**Exercise goal:**
Nothing but the lines below from the first through the one with "Beyazıt belediyesinde intihap" should appear, printed exactly; please leave pictures out.

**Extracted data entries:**
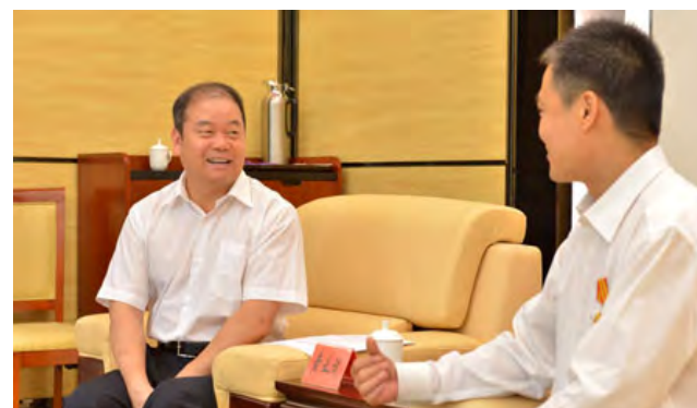
▲ 省人大副主任、省总工会主席黄业斌和劳模代表亲切交谈
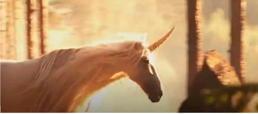
Şekil 1: Boynuzlu Atın Filmde Yer Alma Biçimi
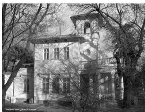
Рис. 5. Дача Бруни, конец XIX в. Фото [9]
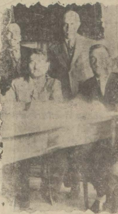
Beyazıt belediyesinde intihap encümeninin faaliyetleri

İntihap cedvellerinin aslı müddeti yarın akşam saat altıda tamam olacak, cedveller kaldırılacaktır. Yapılan müracaatlar neticesinde isimleri unutulmuş larm da isimleri cedvellere idhal edilmiş ve artık bu kabil müracaatların önü hemen, hemen açılmıştır. Bundan sonra reylerin toplanması için hazırlıklar başlayacaktır. İstanbulda belediye intihabatına iştirak edecek kadim, erkek müntehiplerin miktarı 250 bin kadardır. Sandıklar 5 Teşrinievvelde çıkarılarak reyler toplanmağa başlanacak ve herkesin bizzat reyini kendisi vermek mecburiyeti bulunduğundan hiç bir mazeret kabul edilmeyecek ve başkaları ile gönderilen reyler kabul olunmayacaktır. Sandıklar kaza merkezlerinde bulunacak ve evvelâ kaza dahilindeki müntehiplerin, sonra da nahiyelerdeki müntehiplerin reyleri toplanacaktır. Nahiy müntehipleri de kaza
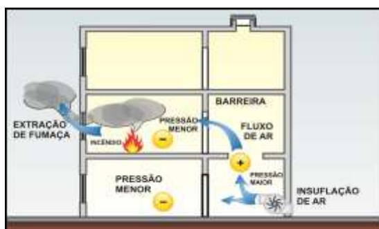
Figura 3 – Diferencial de Pressão

4.1.3 O controle de fumaça é obtido pela introdução de ar limpo e pela extração de fumaça, pelos seguintes tipos de sistemas, conforme Tabela 1.
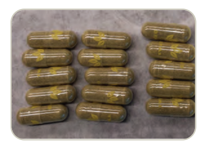
Cápsulas de kratom

**Solution to this exercise:**
▲ 省人大副主任、省总工会主席黄业斌和劳模代表亲切交谈
Şekil 1: Boynuzlu Atın Filmde Yer Alma Biçimi
Рис. 5. Дача Бруни, конец XIX в. Фото [9]
Beyazıt belediyesinde intihap encümeninin faaliyetleri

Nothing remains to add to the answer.